The diagnosis of PTLD is made by histopathologic tissue examination and characterized by the World Health Organization 2017 classification (reviewed in ref. 5). PTLD is classified into nondestructive, polymorphic, monomorphic PTLD and Hodgkin lymphoma–like PTLD. The EBV-encoded RNA in situ hybridization assay is recommended in all patients, although the frequency of patients who are EBV negative has increased and now represents 48% of all PTLD (7). Compared with EBV-positive PTLD, EBV-negative PTLD occurs later post-transplant, has monomorphic histology, is diagnosed often at an advanced stage, and is diagnosed often with central nervous system involvement, but it does not carry a worse prognosis. It responds equally to therapy, achieving similar rates of complete remission (7).
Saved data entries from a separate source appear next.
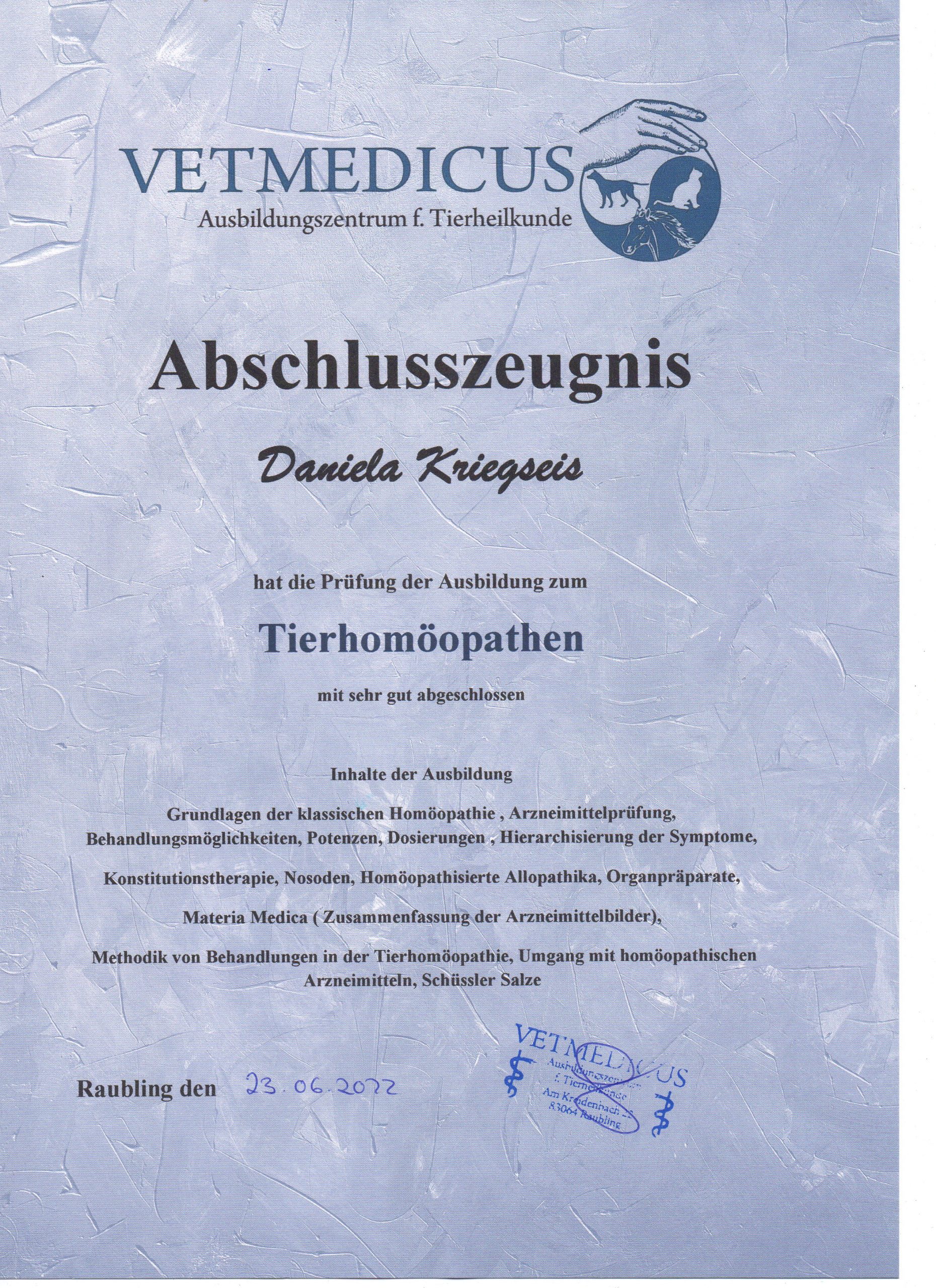 Seitdem hat mich die Leidenschaft für ganzheitliche Heilmethoden nicht mehr losgelassen. Ich bilde mich kontinuierlich weiter und erweitere mein Wissen, um stets die bestmögliche Behandlung für jedes Tier anzubieten.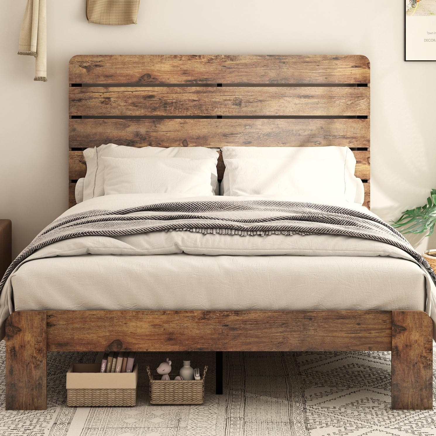 Rustic Farmhouse Wooden Full Size Bed Frame with Headboard, Sturdy Platform Bedframe, Noise-Free, Easy Assembly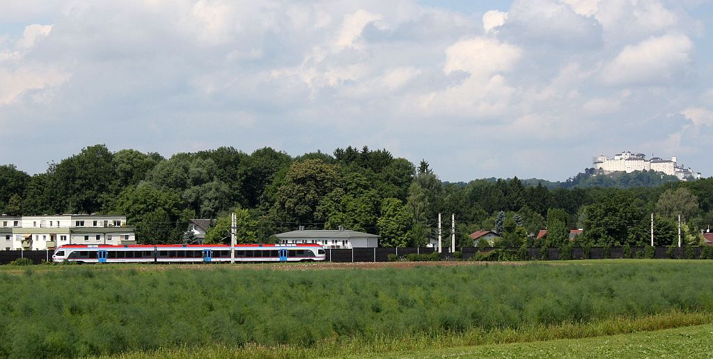 ET 131 der BLB fährt hier als S3 an der Salzburger Stadtgrenze Richtung Golling-Abtenau. 4.8.10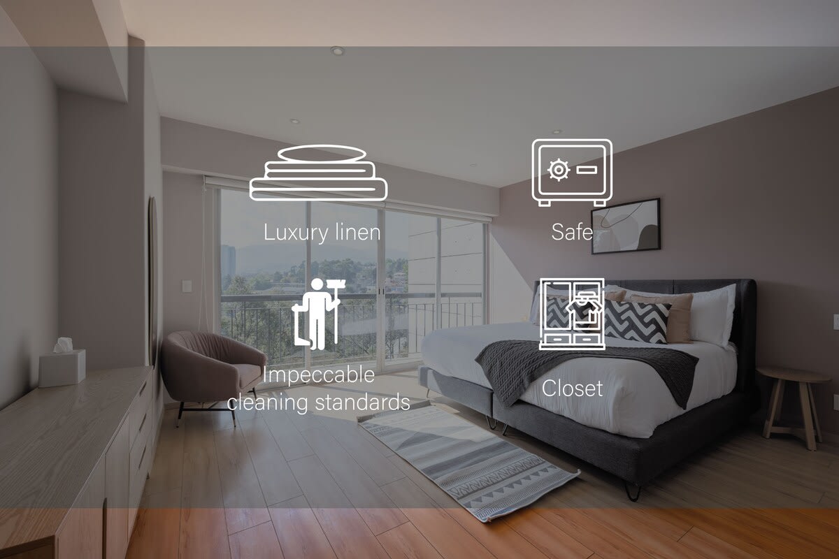 Capitalia - Magna Residencial Residential complex located in Santa Fe, with luxury amenities and a staff that will make sure your stay at Capitalia is safe, comfortable and unforgettable. Our amenities have been renovated for your confort Modern and... elegant fully furnished 2 bedroom apartment with half bath in the living area, dining area with table for 4 people, fully equipped kitchen with basic kitchen utensils, full set of dishes for 4 people, laundry area with washer and dryer, living room with screen and cable TV, desk, WIFI, master bedroom with king size bed, master bathroom with shower, linens and bathroom amenities and walk-in closet. We have a 2nd bedroom with king size bed, closet, bathroom with shower, linens and bathroom amenities. Parking and elevator, 24 hour security. access Located in Santa Fe, one of the most modern and luxurious areas of Mexico City and a city within the city, just a few minutes from the commercial and corporate area. In the surrounding area you will find fun for all ages Universidad IBERO, Tecnolgico de Monterrey, Universidad Anhuac North Campus. transit The Capitalia team will always be on the lookout for anything you need before, during and after your stay. We will be available to you by phone or message and in some cases you can find us at the Administration of the residential, as well our security staff is available 24/7, they can support you to guide you in your doubts or requirements. notes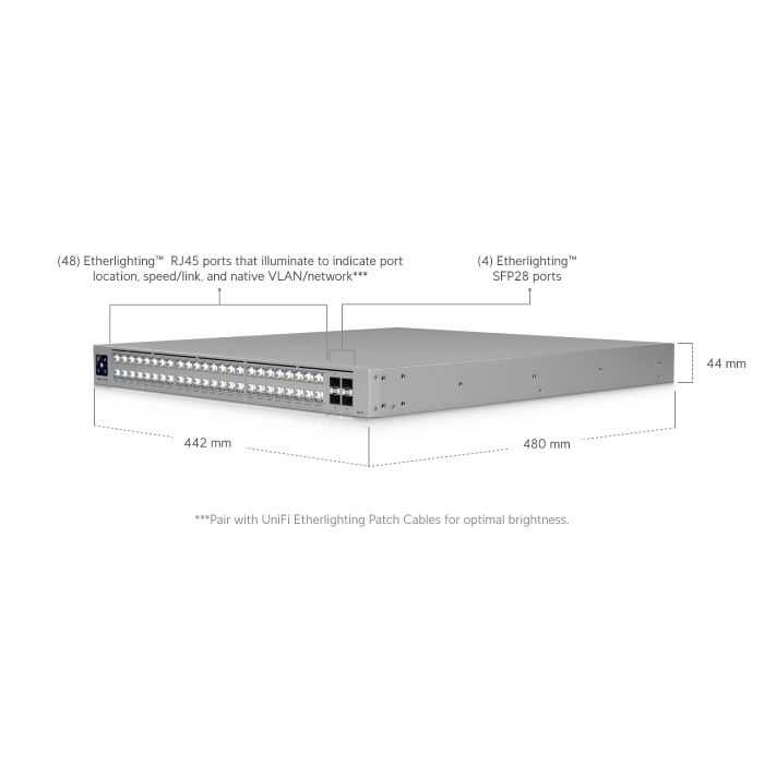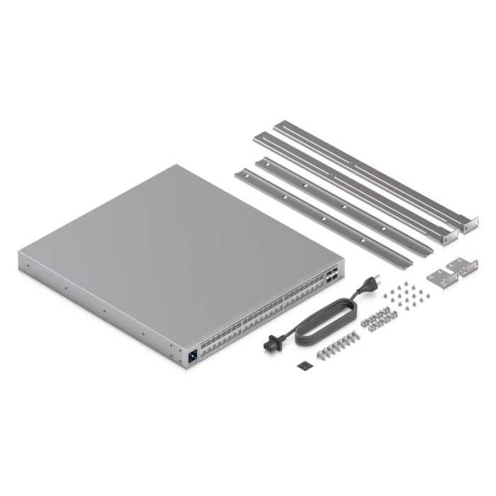 Ubiquiti UniFi Switch Pro XG 48 PoE, is a high-performance, compact, and manageable Layer 3 switch. It is equipped with 48 10G/2.5G RJ45 PoE+++ ports and 4 25G SFP28 uplink ports. With a total PoE budget of 1080W, it can power devices with high power requirements. Etherlighting™ technology visually displays port statuses. Its fan-equipped design provides high-performance cooling. With a rack-mountable (1U) form factor, it is suitable for data centers and large network infrastructures.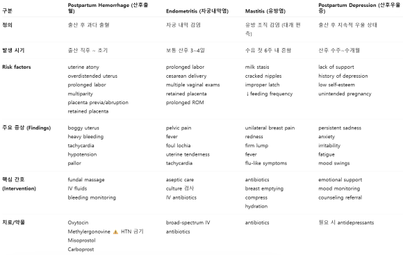 이번 주 Maternal 파트에서 Postpartum을 공부하면서 가장 크게 느낀 건, 출산 후 시기를 단순히 회복이라고만 보면 안 된다는 점이었어요! 생각보다 변화가 훨씬 많고, 그 안에서 정상인지 아닌지를 구분하는 게 더 중요하더라고요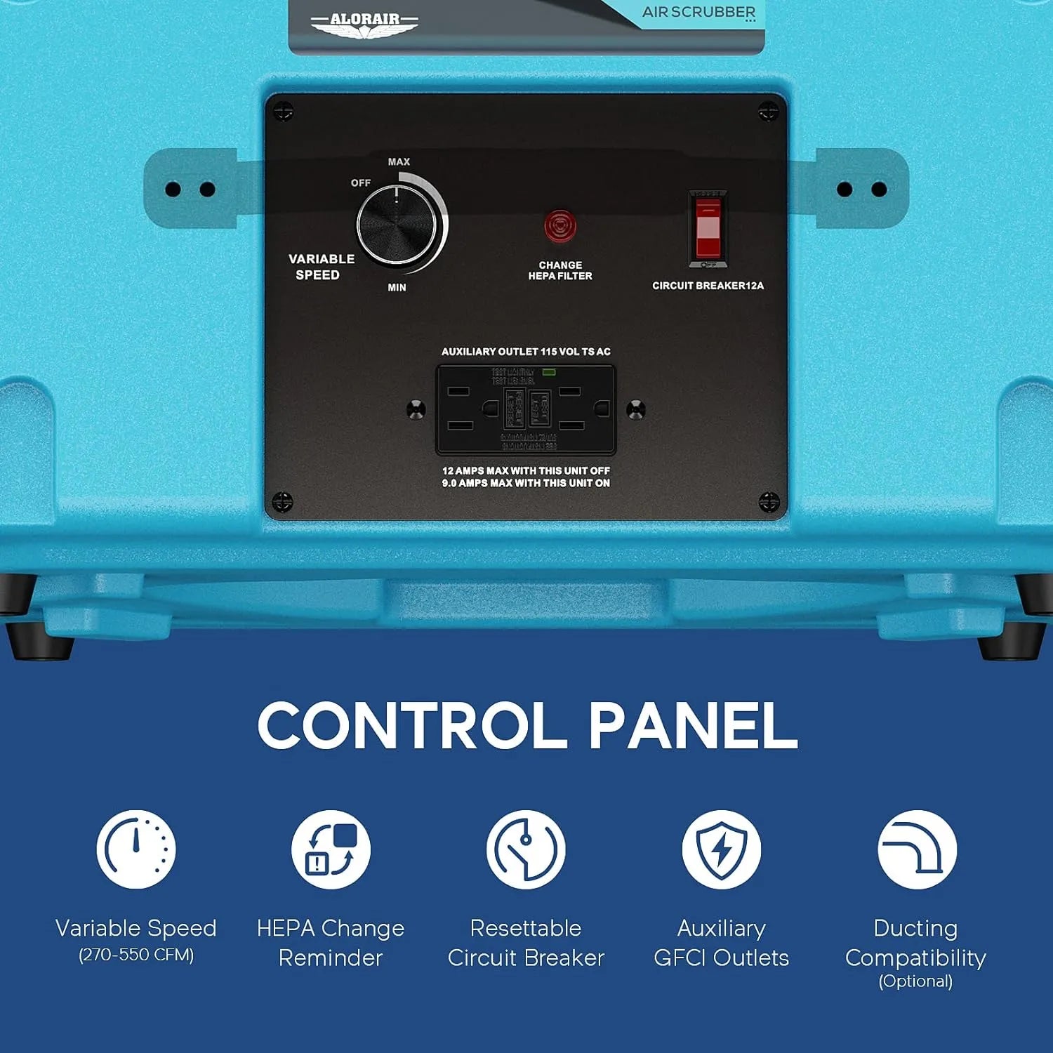 This air scrubber features a 3-stage filtration system with MERV-10 pre-filter, activated carbon filter, and HEPA filter. It delivers 550 CFM on high setting, with GFCI protection, filter change indicator, and stackable roto-molded housing. The compact, lightweight design is ideal for restoration sites, construction areas, and spaces requiring removal of airborne particles and odors.

The treatment options for PTLD include a reduction in immunosuppression, often with a combination of chemotherapy and rituximab; surgical excision and radiotherapy are reserved for localized disease. Immunosuppression reduction restores EBV-specific cellular immunity and leads to a partial or complete remission in 12.5%–50% of the patients (7). In patients with high-risk features, such as older age (>50 years old), elevated LDH, severe organ dysfunction, the presence of B symptoms (fever, night sweats, and weight loss), and multiorgan involvement at the time of diagnosis, response rate is poor. The reduction in immunosuppression is on the basis of the extent of the disease, and it is typically achieved by reduction of the calcineurin inhibitor by 25%–50%, cessation of the antimetabolite (azathioprine or mycophenolate), and continuation of prednisone at 10 mg daily (8). Response to reduction occurs within 2–4 weeks. In the critically ill patient, all immunosuppression is discontinued. It is essential to monitor graft function during immunosuppression reduction, because there is a 38% risk of rejection. In patients who do not respond to reduction of immunosuppression, the standard therapy is rituximab alone, with a complete response rate of 25% (9). In nonresponders, rituximab is followed by four cycles of cyclophosphamide, doxorubicin, vincristine, and prednisone chemotherapy, with a complete response rate of 70%. The PTLD-1 prospective trial established a risk-stratified sequential treatment approach with rituximab plus cyclophosphamide, doxorubicin, vincristine, and prednisone as the standard therapy for PTLD irrespective of EBV status (9).
In the current era, the overall median survival is 6.6 years post-PTLD diagnosis (9). Retransplantation after treatment is considered in select patients after 1 year of complete remission. The risk for PTLD recurrence is <2% after retransplantation (10). Here, the patient had all of the poor prognostic features associated with PTLD with severe allograft dysfunction and multiorgan involvement, and even with early detection and aggressive therapy, the disease was fatal.
Disclosures
Dr. Mannon reports grants from Quark Pharmaceuticals, CSL Behring, Mallinckrodt, and Transplant Genomics and personal fees from Sanofi outside the submitted work. Dr. Agarwal has nothing to disclose.
Acknowledgments
We appreciate the clinical support and management by Drs. Alan Kirk, S. John Swanson, and Douglas Hale and the entire National Institutes of Health/National Institute of Diabetes and Digestive and Kidney Diseases intramural kidney transplant program.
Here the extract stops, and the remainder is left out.